§ **Exercise directions**
Required from the data below: the exact lines starting at the line containing "Photograph of a" and ending at the line containing "Marilyn Manson band", with both ends kept and all pictures dropped.

§ **Records to process**
- - -

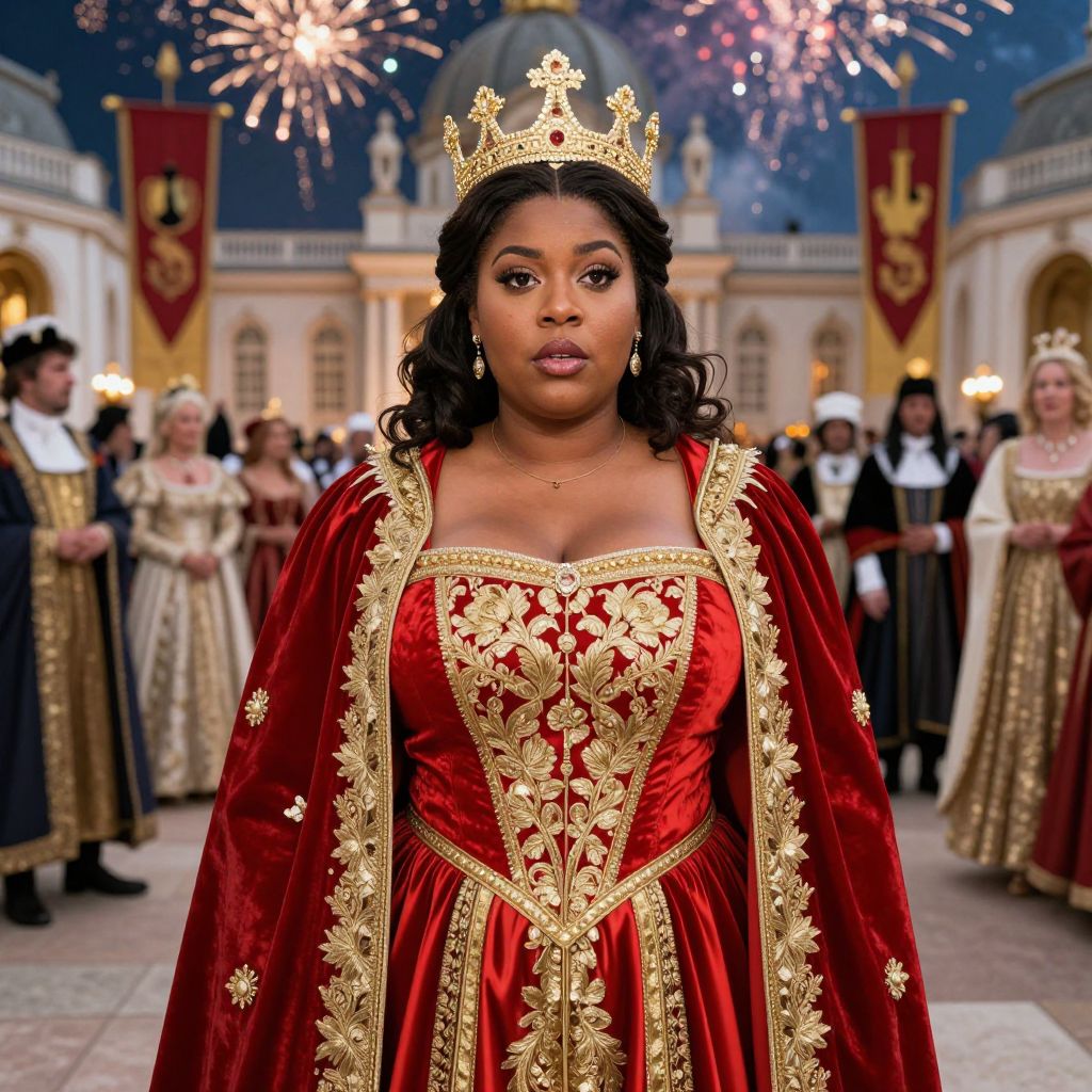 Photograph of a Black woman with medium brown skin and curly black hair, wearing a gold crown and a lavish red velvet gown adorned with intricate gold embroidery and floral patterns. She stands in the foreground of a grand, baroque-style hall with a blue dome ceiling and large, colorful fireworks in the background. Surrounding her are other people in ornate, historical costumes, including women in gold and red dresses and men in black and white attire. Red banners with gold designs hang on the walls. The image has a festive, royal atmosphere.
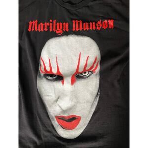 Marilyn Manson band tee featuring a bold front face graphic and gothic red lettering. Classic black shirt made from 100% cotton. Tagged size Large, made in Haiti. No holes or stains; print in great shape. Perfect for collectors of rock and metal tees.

- - -

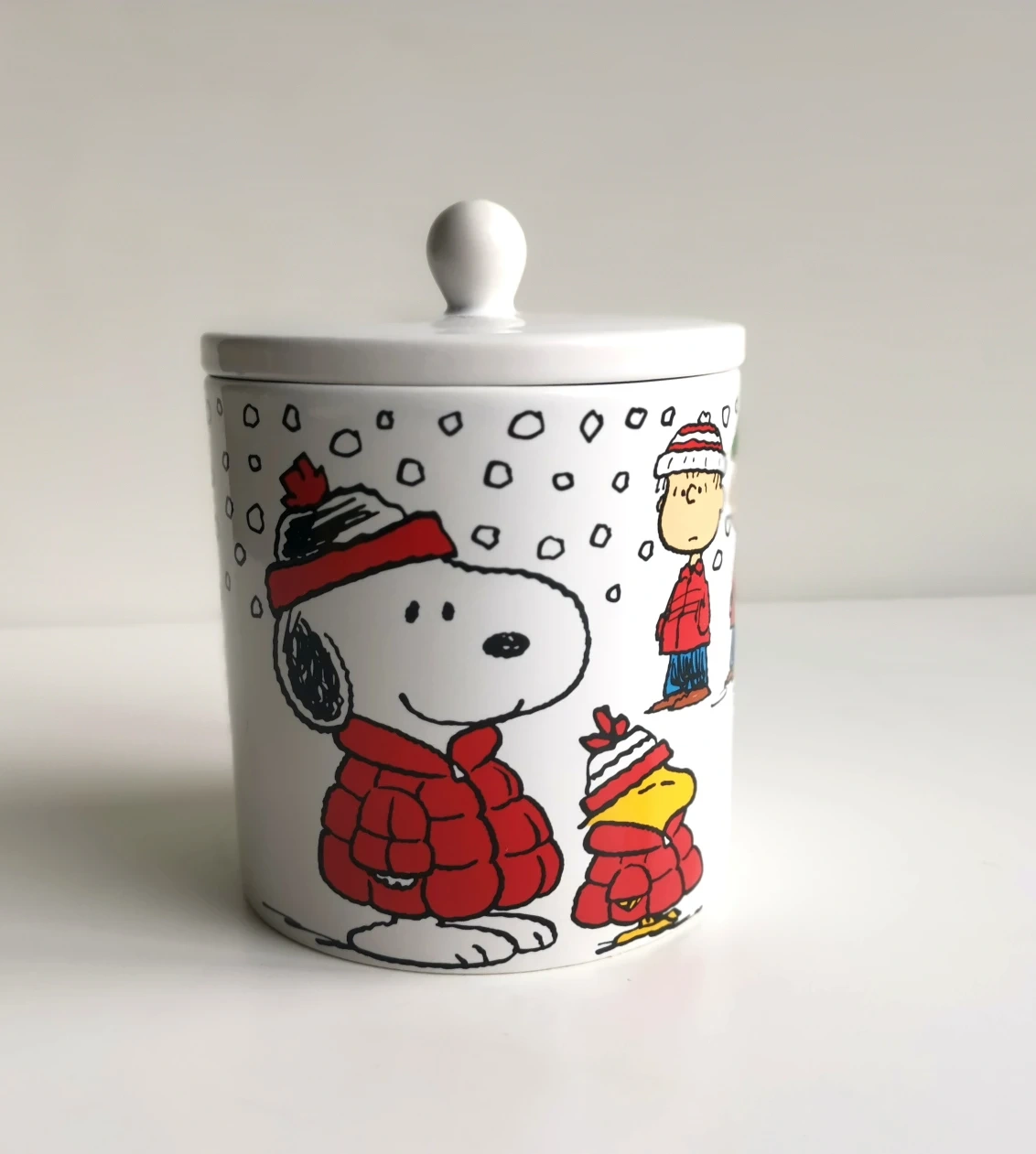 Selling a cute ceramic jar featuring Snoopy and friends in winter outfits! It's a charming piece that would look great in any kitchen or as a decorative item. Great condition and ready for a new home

- - -

§ **Solution below**
 Photograph of a Black woman with medium brown skin and curly black hair, wearing a gold crown and a lavish red velvet gown adorned with intricate gold embroidery and floral patterns. She stands in the foreground of a grand, baroque-style hall with a blue dome ceiling and large, colorful fireworks in the background. Surrounding her are other people in ornate, historical costumes, including women in gold and red dresses and men in black and white attire. Red banners with gold designs hang on the walls. The image has a festive, royal atmosphere.
 Marilyn Manson band tee featuring a bold front face graphic and gothic red lettering. Classic black shirt made from 100% cotton. Tagged size Large, made in Haiti. No holes or stains; print in great shape. Perfect for collectors of rock and metal tees.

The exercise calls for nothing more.